В философии и теории права конца XIX – начала XX века полемика в научной среде велась по вопросам не только методологии, но и по проблемам соотношения бытия и долженствования, нормативного и фактического, рационального и иррационального[121].

В учениях и Г. Риккерта, и В. Виндельбанда норма являлась промежуточным звеном между бытием и сознанием: она есть и не «чистая мысль» (так как в ней осуществляется воля), и не «чистый факт» (поскольку в реальности не осуществляется), т. е. не становится «фактическим содержанием мысли». Заслуга русских философов права, как представляется, заключается в том, что они сумели показать содержание нормы, правовой нормы в частности, применительно к реальности. Большинство юристов XIX–XX веков были уверены, что назначение права как нормы именно в его практическом осуществлении.

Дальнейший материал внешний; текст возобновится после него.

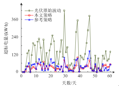 計(jì)算得出光伏原始功率超標(biāo)電量、經(jīng)本文策略以及經(jīng)參考策略平抑后的超標(biāo)電量的平均值分別為:123.27 kW•h/天、31.67 kW•h/天、37.39 kW•h/天。從超標(biāo)電量的均值來(lái)看,本文所提策略和參考策略都能有效地平抑光伏功率波動(dòng),但本文策略超標(biāo)電量的平均值更小,平抑效果更好。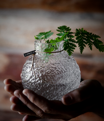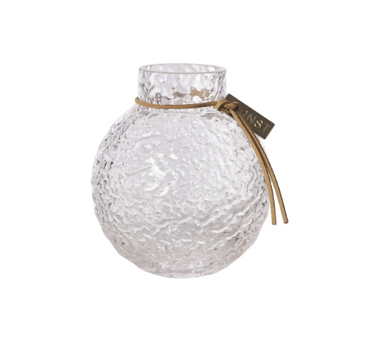 ERNST populära glasvas har nu kommit med en härlig struktur på glaset. Vasen drar verkligen blickarna till sig och tillsammans med en underbar bukett skapar den ett fantastiskt blickfång i hemmet. De mindre vaserna i samma serie går även att använda som ljuslyktor.

Кроме того, норма реализуется в переживаниях, которые дают нам чувство достижения истины, справедливости, добра и другие. В этом сознании норма проявляет свое реальное бытие. С этих же позиций и момент «долженствования» не противопоставляется бытию, а становится особым его видом, подлежащий изучению в области этики и права. На этих методологических основах отечественные представители обеих школ неокантианства создавали учения о морали, праве, государстве, нравственных и социальных идеалах.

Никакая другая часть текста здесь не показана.